Diese Ansicht hat sich erst allmählich geändert, als mein innig geliebter Sportsfreund auf Reisen anfing zu fischen. Damals war es noch das sprichwörtliche „Würmli baden“ und er musste sich den Nachschub an Regenwürmern oder Maden immer selber aus der Dose klauben. Nie und nimmer hätte ich eine solche Kreatur berührt. Erst mit der Zeit konnte ich mich überwinden und griff mit spitzen Fingern in die Wurmbüchse.

In den zuerst noch seltenen Fällen, wo der Sportsfreund einen Fisch fing, wollte ich erst mit dem Geschöpf zu tun haben, wenn es so aussah, als hätte er es im Supermarkt gekauft. Im Klartext: geschuppt und ausgenommen. Dass mich das Tier aus toten Augen anglotzt, hat mich komischerweise nie gestört.

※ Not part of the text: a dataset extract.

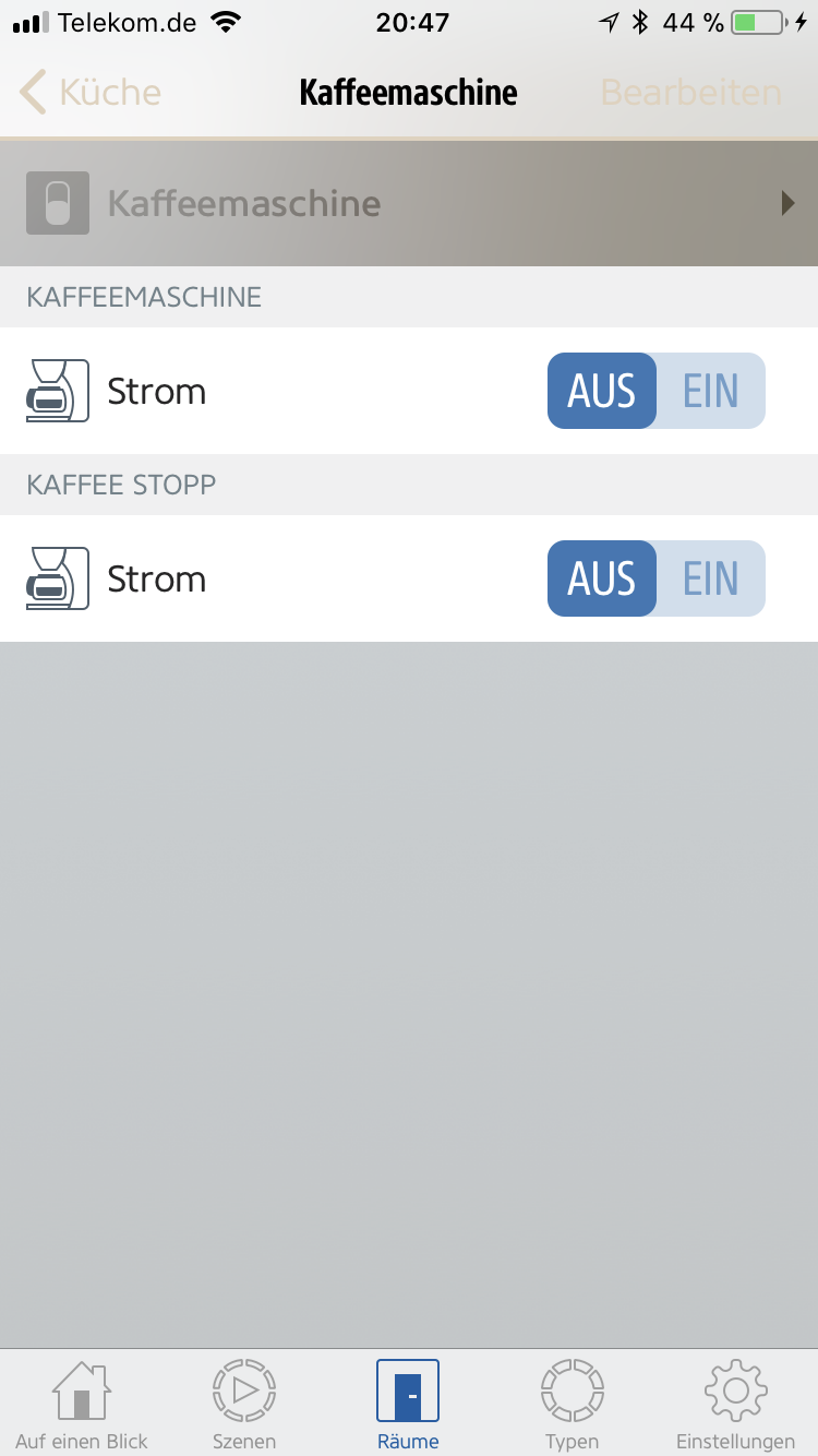 ) zu stoppen.Dieser wird innerhalb des Gerätes "Kaffeemaschine" angezeigt. Zusätzlich zum on/off switch, der eben die ganze Kaffeemaschine an- oder ausschaltet.

Im Verlauf der Reise haben sich nicht nur Erfahrung und Geschick meines vom Sportsfreund zum Fischer mutierten Gefährten, sondern auch meine Gesinnung gegenüber seinem Fang weiterentwickelt. Trotzdem weigerte ich mich, den Fisch in die Hand zu nehmen, solange er noch am Leben war. Dieses zappelnde, glibberige Vieh war mir nicht geheuer. Es kostete mich einiges an Überwindung, den Fischen schliesslich den Bauch aufzuschlitzen und die Innereien herauszuholen.

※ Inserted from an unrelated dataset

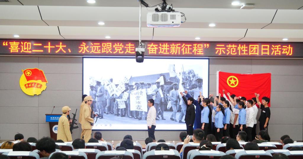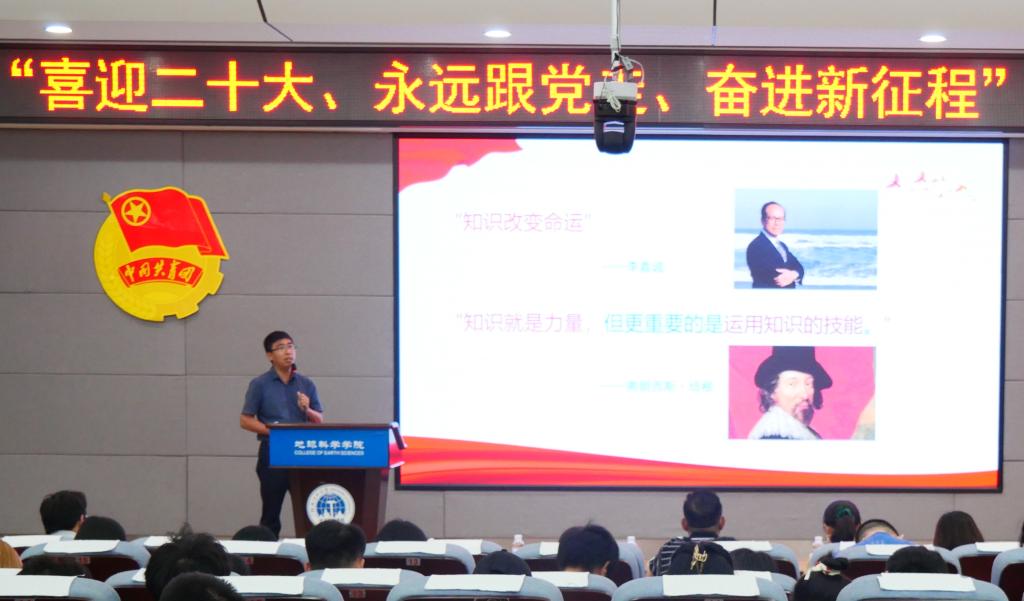 为迎接党的二十大胜利召开,学习贯彻习近平总书记在庆祝中国共产主义青年团成立100周年大会上的重要讲话精神,6月7日,地球科学学院团委在01501报告厅举办“喜迎二十大,永远跟党走,奋进新征程”示范性团日活动。学院党委书记曹文献、beats365亚洲版副书记莫媛、学院党委副书记陶剑飞、学院副院长吕玉增,学院团干部、辅导员出席本次活动,资源勘查工程2020实验班团支部、资源勘查工程2021实验班团支部、勘查技术与工程2021创新班团支部,各学院团委组织部负责人,地学院各年级团支书、团员代表参加此次活动。

Tierfreunde wollen bitte den folgenden Abschnitt überspringen.

Der nächste Schritt war, den Fisch selber zu töten. Auch das ist mir irgendwann gelungen. Mit einem Stein oder einem Stück Holz das herumlag. Dort wo wir damals unterwegs waren, interessierte es niemanden, wie der Fisch sein Leben liess.

Tierfreunde dürfen sich jetzt wieder dazugesellen.

Der Weg vom Fischstäbli, diesem panierten, mit Mayonnaise verkleisterten Bauklötzchen im Teller, bis zum selber gefangenen pazifischen Wildlachs war kurvenreich und von diversen kulinarischen Highlights und Abstürzen begleitet.

Heute kommen bei uns fast nur noch Süsswasserfische auf den Tisch, die mein Fischer aus dem nahe gelegenen See zieht. Das Säubern der Fische ist für mich längst zur Selbstverständlichkeit geworden. Ein grosser Traum von mir wäre, wieder mal einen frisch gefangenen Pazifiklachs am offenen Feuer zu kochen. Das hätte ausserdem den grossen Vorteil, dass nicht meine ganze Küche nach Fisch stinkt.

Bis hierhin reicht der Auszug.